## [Task to carry out]
Give again, word for word, the lines below that run from the line with "84. Grünewald, Vom Isenheimer Altar." through the line with "Esa inspiración en". Drop the pictures.

── Input data ──

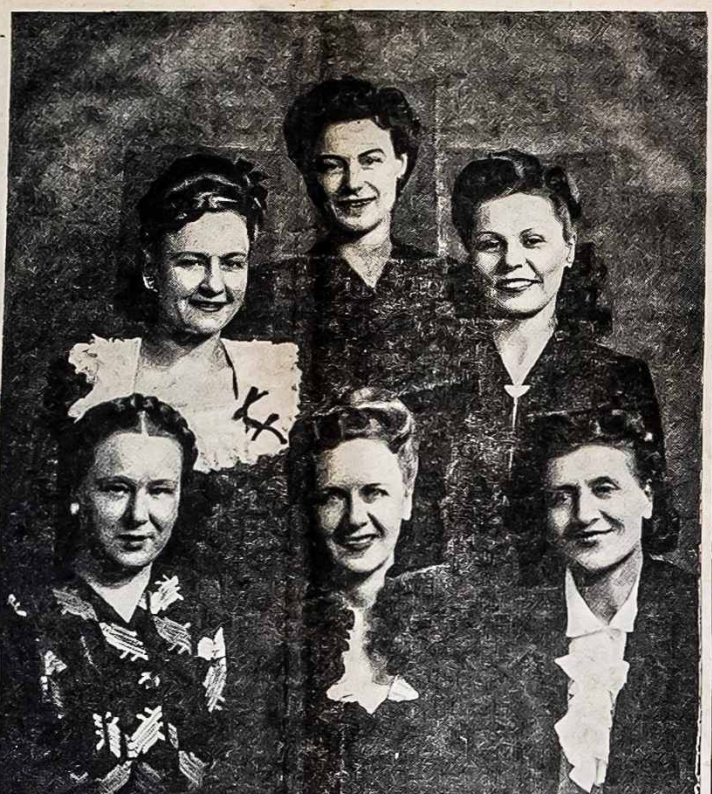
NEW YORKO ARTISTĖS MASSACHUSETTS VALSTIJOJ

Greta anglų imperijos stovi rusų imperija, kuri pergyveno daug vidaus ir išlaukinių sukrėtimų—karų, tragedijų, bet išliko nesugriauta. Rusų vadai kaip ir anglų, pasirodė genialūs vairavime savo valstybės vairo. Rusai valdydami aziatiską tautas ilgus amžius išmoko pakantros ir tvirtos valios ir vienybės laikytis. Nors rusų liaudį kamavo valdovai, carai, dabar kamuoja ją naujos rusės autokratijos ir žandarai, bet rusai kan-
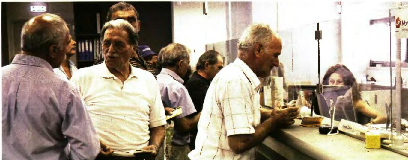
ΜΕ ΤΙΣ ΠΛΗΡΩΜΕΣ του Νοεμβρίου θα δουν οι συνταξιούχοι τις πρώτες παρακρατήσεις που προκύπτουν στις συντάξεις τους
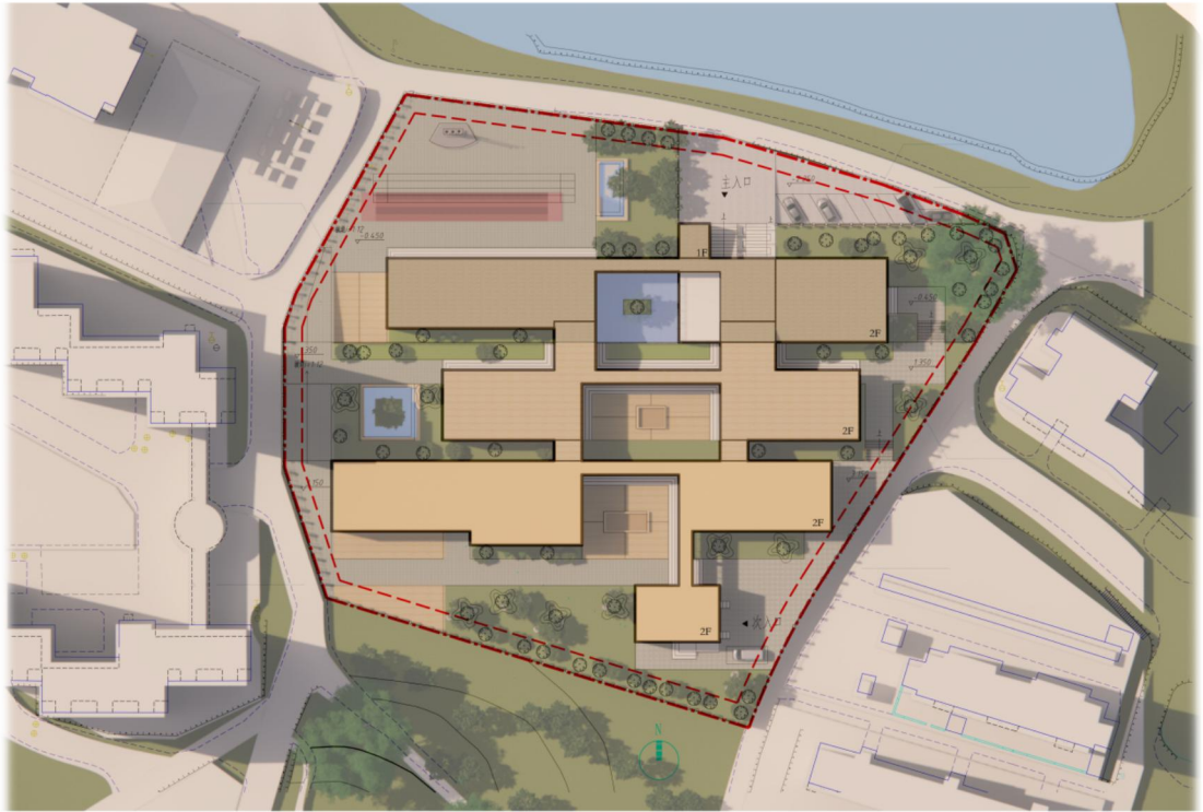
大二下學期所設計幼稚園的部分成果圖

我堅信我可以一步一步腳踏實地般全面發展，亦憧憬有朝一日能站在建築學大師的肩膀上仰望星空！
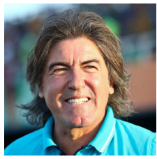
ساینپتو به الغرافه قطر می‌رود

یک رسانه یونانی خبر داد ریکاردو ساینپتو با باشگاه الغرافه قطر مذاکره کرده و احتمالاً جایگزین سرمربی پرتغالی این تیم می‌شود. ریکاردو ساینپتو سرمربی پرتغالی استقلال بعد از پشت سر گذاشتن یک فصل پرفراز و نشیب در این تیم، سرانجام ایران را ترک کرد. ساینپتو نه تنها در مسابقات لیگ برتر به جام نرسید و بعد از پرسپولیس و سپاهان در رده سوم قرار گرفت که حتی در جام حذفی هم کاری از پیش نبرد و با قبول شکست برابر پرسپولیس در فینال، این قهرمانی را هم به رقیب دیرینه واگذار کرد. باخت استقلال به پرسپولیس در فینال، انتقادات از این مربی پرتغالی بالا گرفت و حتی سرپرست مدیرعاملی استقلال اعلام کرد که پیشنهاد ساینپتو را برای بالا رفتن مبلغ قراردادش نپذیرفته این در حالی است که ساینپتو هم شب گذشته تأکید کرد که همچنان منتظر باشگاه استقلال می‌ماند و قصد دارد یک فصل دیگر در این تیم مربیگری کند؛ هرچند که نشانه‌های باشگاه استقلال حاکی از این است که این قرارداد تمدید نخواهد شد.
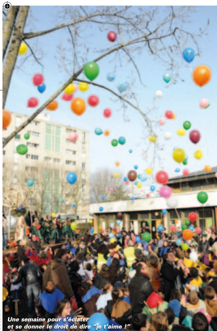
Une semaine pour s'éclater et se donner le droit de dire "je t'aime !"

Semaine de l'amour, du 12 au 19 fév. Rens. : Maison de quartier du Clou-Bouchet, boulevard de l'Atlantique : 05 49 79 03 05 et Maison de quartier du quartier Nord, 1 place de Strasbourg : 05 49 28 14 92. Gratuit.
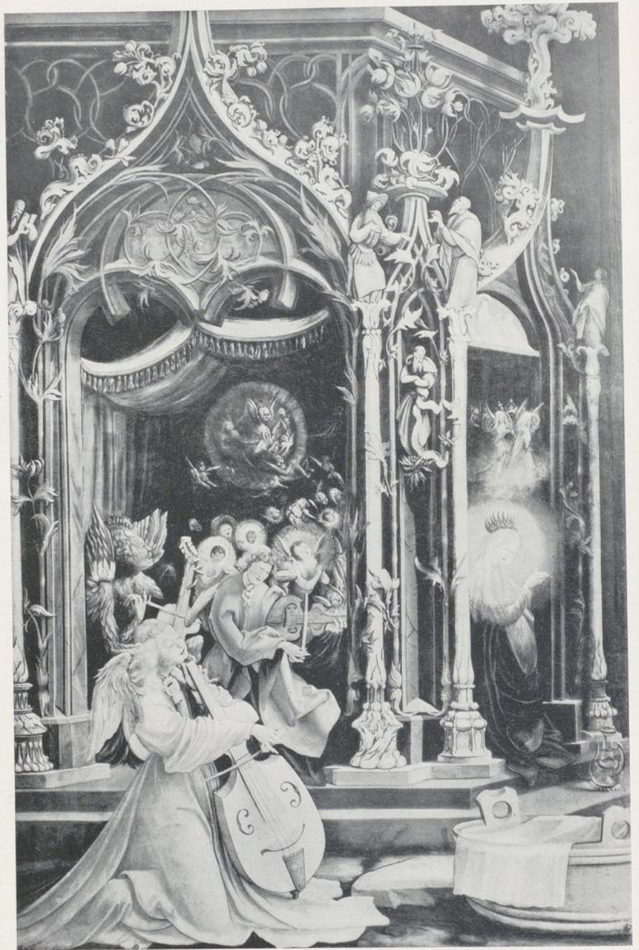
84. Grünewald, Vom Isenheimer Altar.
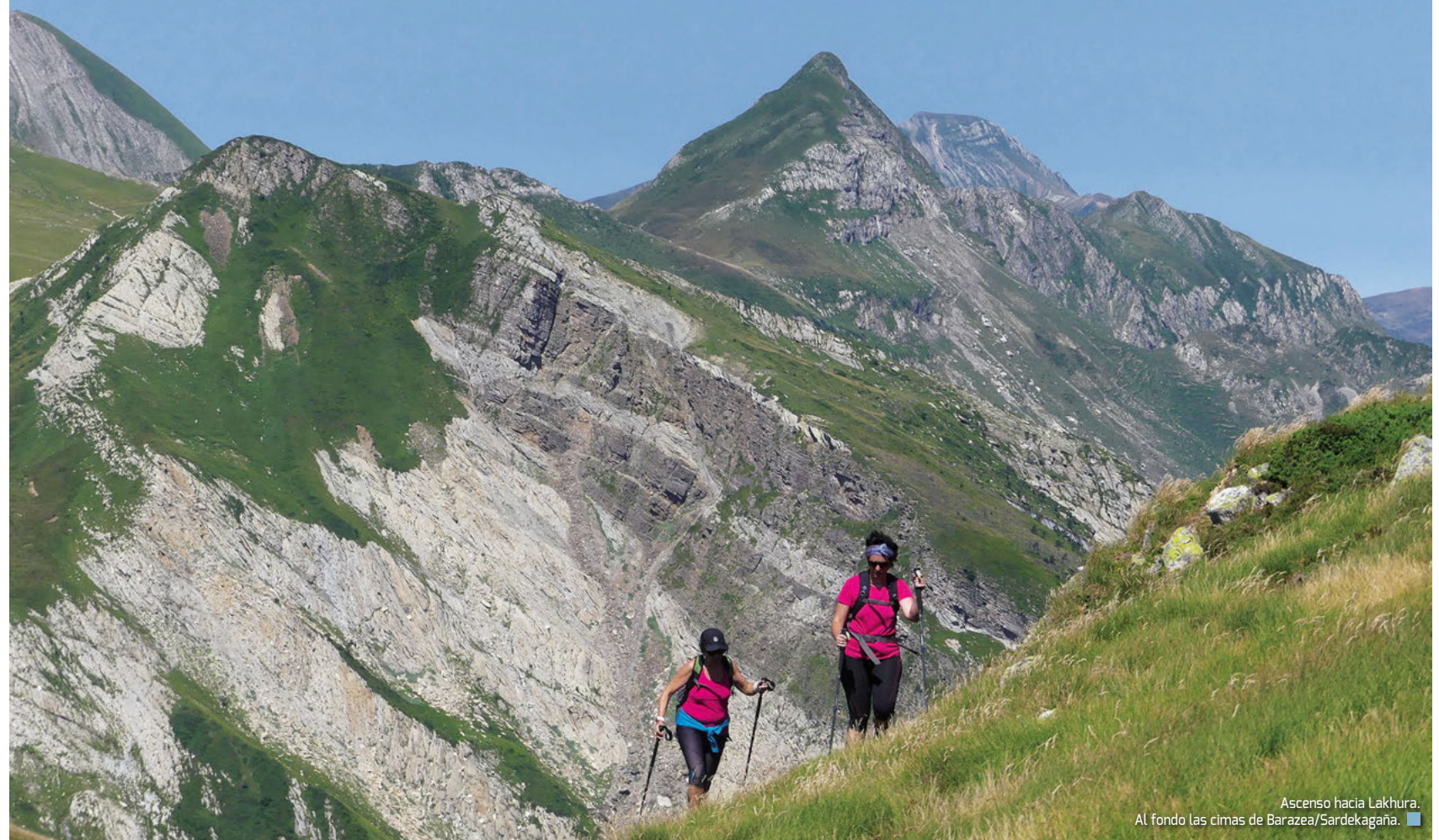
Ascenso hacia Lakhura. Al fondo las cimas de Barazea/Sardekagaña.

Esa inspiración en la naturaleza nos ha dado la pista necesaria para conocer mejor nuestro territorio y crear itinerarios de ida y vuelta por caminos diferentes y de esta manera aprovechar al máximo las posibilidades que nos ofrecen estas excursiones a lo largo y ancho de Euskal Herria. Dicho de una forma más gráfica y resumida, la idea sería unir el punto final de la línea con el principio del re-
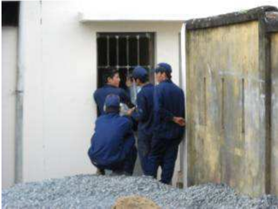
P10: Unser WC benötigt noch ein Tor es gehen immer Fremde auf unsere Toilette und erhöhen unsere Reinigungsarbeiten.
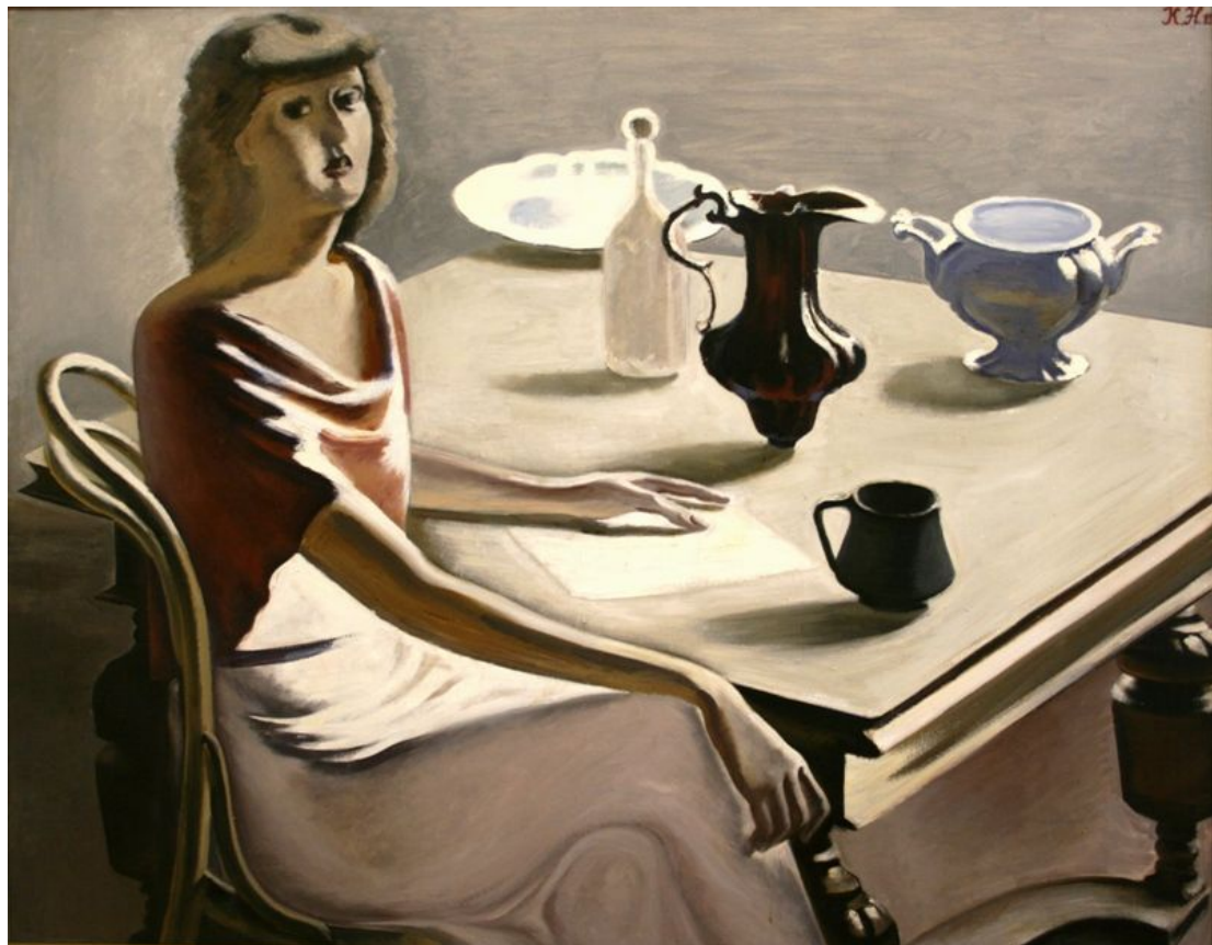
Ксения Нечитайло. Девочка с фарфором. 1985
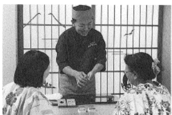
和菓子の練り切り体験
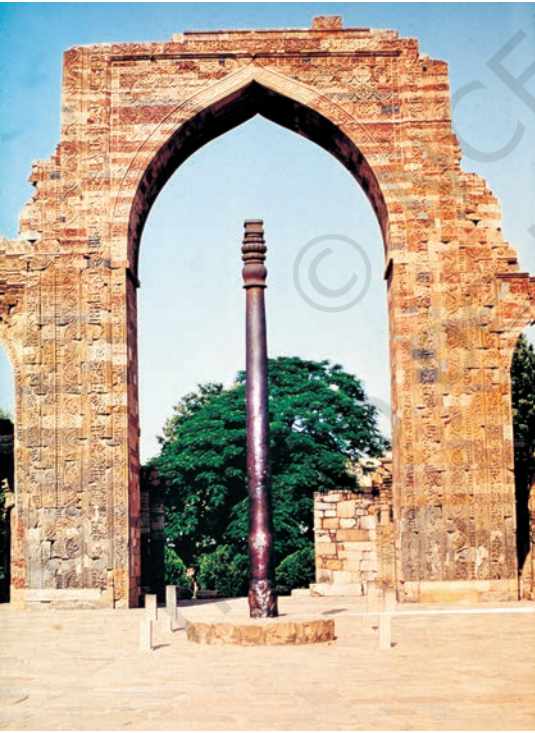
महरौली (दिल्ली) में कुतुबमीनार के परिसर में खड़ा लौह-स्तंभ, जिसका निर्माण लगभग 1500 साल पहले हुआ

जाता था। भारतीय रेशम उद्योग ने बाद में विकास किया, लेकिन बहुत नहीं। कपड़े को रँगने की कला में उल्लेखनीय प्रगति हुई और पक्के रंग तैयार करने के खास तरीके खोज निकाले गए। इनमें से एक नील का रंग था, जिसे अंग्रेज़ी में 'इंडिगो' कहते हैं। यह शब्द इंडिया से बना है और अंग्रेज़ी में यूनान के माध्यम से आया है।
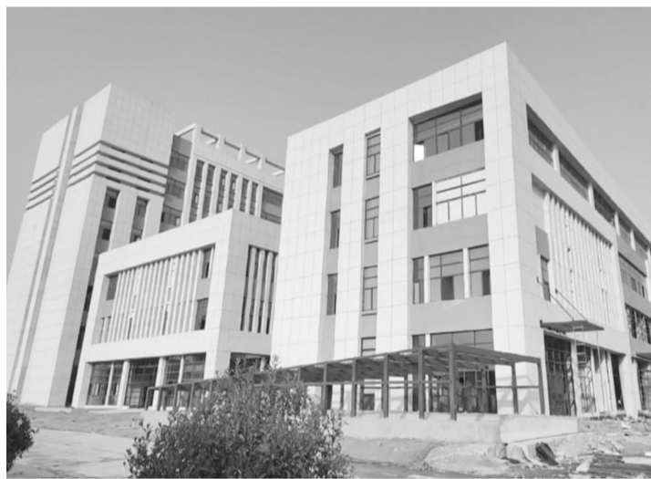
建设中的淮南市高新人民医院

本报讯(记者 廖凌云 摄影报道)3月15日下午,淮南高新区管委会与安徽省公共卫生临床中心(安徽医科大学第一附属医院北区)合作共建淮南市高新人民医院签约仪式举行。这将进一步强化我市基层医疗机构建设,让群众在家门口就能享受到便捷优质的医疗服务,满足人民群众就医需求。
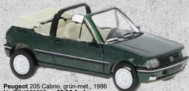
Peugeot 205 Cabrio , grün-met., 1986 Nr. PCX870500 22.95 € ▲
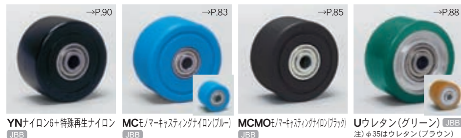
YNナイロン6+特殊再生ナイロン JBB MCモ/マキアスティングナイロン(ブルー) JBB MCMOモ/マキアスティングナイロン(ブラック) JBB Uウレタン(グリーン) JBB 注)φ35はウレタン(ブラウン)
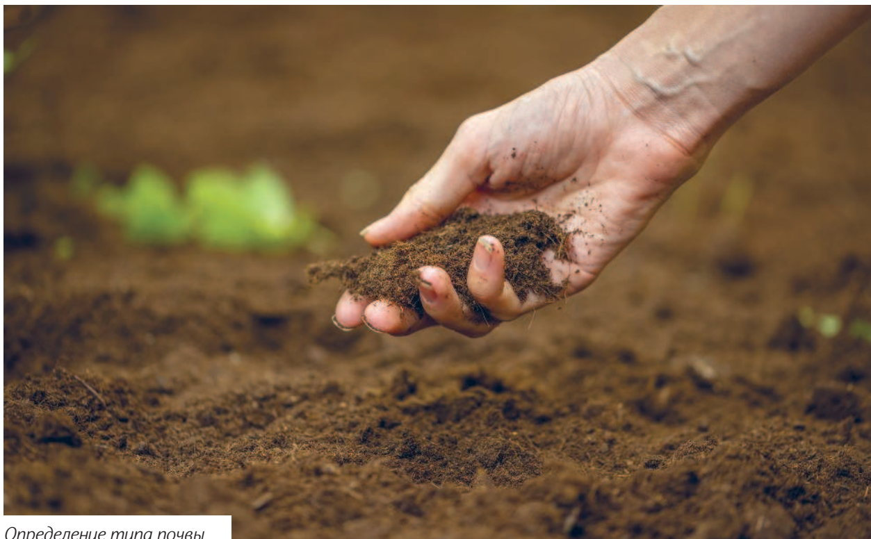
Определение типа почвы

───

## [Answer to the exercise]
84. Grünewald, Vom Isenheimer Altar.
Ascenso hacia Lakhura. Al fondo las cimas de Barazea/Sardekagaña.

Esa inspiración en la naturaleza nos ha dado la pista necesaria para conocer mejor nuestro territorio y crear itinerarios de ida y vuelta por caminos diferentes y de esta manera aprovechar al máximo las posibilidades que nos ofrecen estas excursiones a lo largo y ancho de Euskal Herria. Dicho de una forma más gráfica y resumida, la idea sería unir el punto final de la línea con el principio del re-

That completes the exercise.